Initially, this felt... limiting. My instinct, when faced with a need to share behavior or create a "specialized" version of a type, was to look for an extends keyword. How do I make a PremiumUser that is a User but with extra features? In Go, you'd typically embed a User struct within your PremiumUser struct:
type User struct { ID int Name string } func (u *User) HasPermission(p string) bool { // Base permission logic return false } type PremiumUser struct { User // Embedding User type SubscriptionLevel string } // PremiumUser automatically gets User's fields and methods. // We can also override or add new methods. func (pu *PremiumUser) HasPermission(p string) bool { if p == "premium_feature" { return true } return pu.User.HasPermission(p) // Call embedded type's method }
The "battle" for me has been retraining my brain. Instead of thinking, "A is a B," I'm learning to think, "A has a B and thus gains its capabilities." It pushes towards smaller, more focused interfaces and can avoid the complexities and tight coupling that deep inheritance hierarchies sometimes create (the "gorilla-banana problem" – you wanted a banana but got a gorilla holding the banana and the entire jungle).

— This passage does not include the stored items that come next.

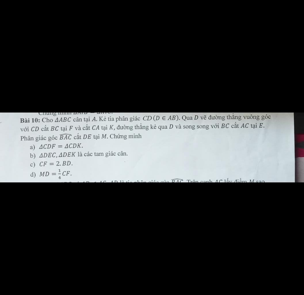 d.Vì $\Delta ADE$ cân tại $A, AM$ là phân giác $\hat A$
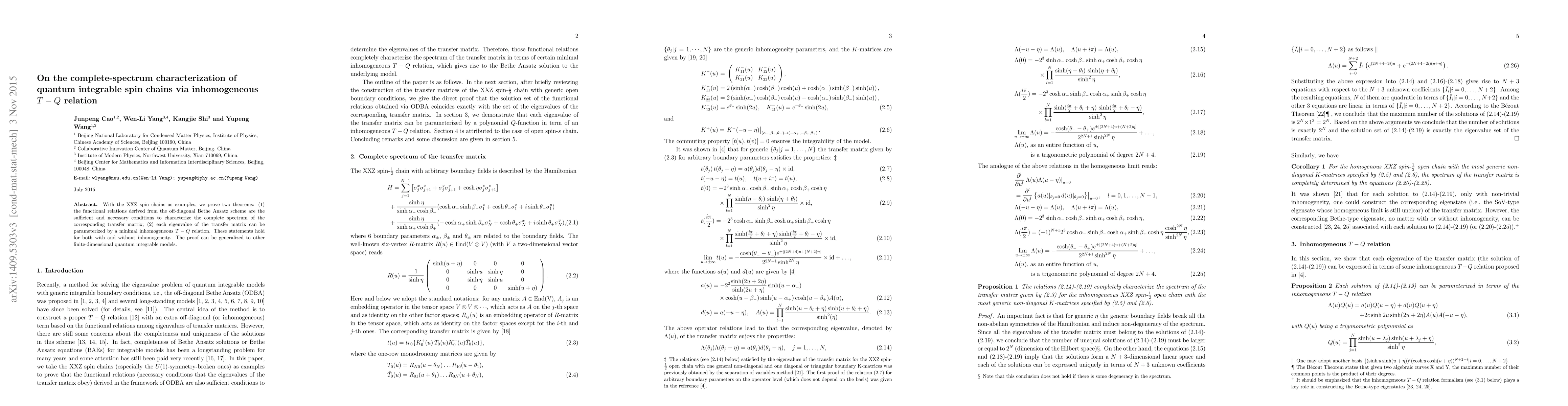 With the XXZ spin chains as examples, we prove two theorems: (1) the functional relations derived from the off-diagonal Bethe Ansatz scheme are the sufficient and necessary conditions to characterize the complete spectrum of the corresponding transfer matrix; (2) each eigenvalue of the transfer matrix can be parameterized by a minimal inhomogeneous T-Q relation. These statements hold for both with and without inhomogeneity. The proof can be generalized to other finite-dimensional quantum integrable models.
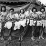 circus aerialists are not bothered by laundry problems. these famed aerialists are one of the many features of the Clyde Beatty Trained Wild Animal Circus. photo dated – May 6, 1946.
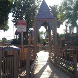 Great park. Creativity planned. Perfect for ages two and up. Maze like multilevel play structure, slides, swings, even a few balance features. It is fenced in well so kids don't "escape", with two different entrances. Bathrooms and some shade surrounding the play area. We stayed for almost two hours and my three year old cousin would have loved to play longer if we had more time. Very well refurbished park. I brought my own kids here years ago.
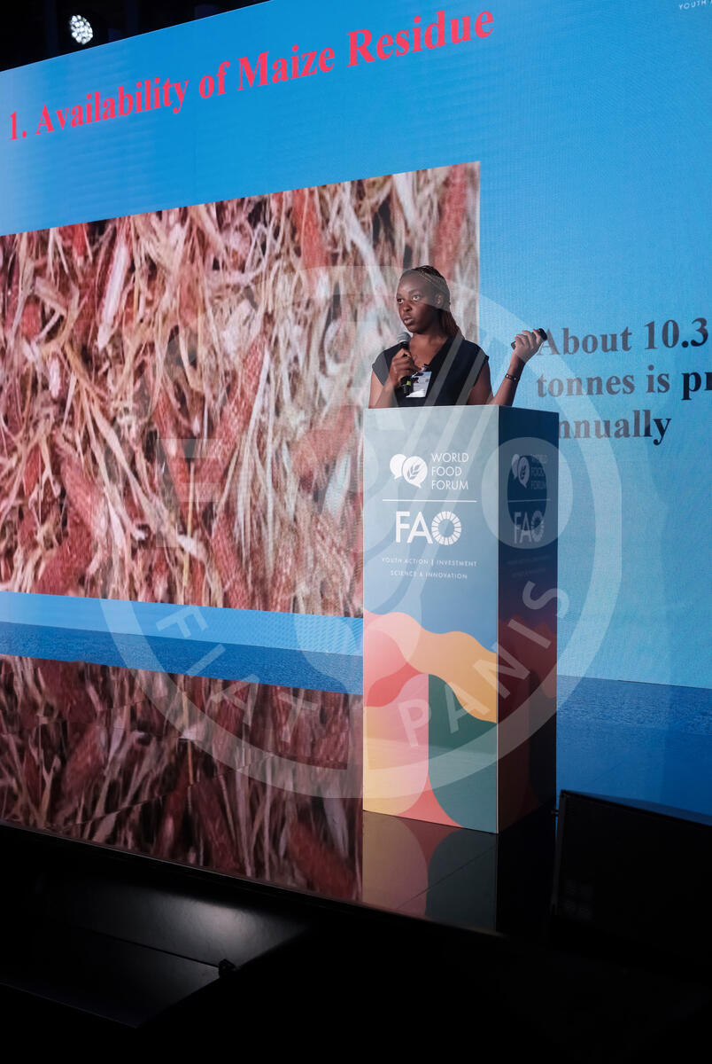 15 October 2024. Sheikh Zayed Centre (Atrium), FAO Headquarters, Rome, Italy. The second participant of the contest is Cadey Karibu Sana, who presents “The Utilization of Maize Crop Residue in the Production of Organic Manure in Kenya”.
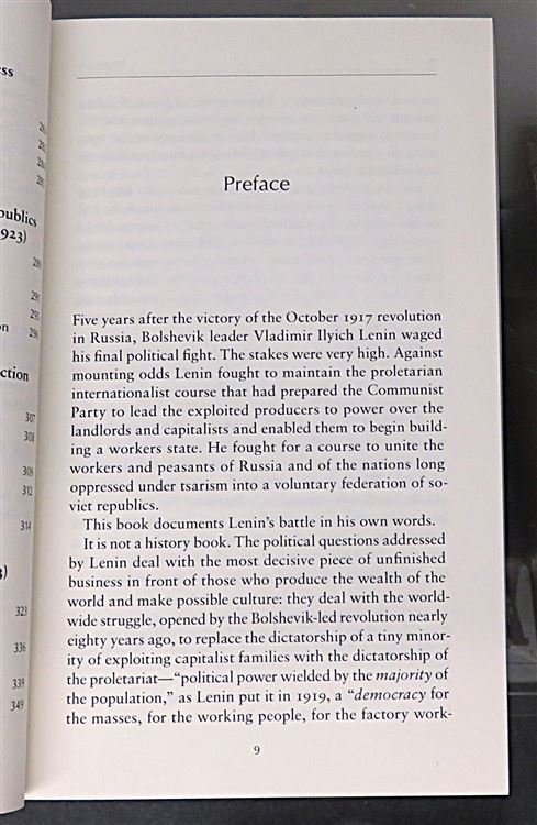 A very good clean copy with pictorial card covers showing very little wear. The pages within appear unread. pp. 358 + 14. This book compiles the speeches, articles, letters, and memos in which Lenin took up the battle inside the Bolshevik Party.

I'm still navigating this shift. There are moments I miss the explicitness of super() or a clear extends relationship. However, I'm also starting to appreciate the simplicity and explicitness that Go's embedding offers. It forces a different kind of design thinking, often leading to more decoupled and flexible systems. It's a journey, and Go is definitely making me re-evaluate some deeply ingrained OOP habits!
Don't Forget to Stop All Patchers (The Pytest Cache Mystery)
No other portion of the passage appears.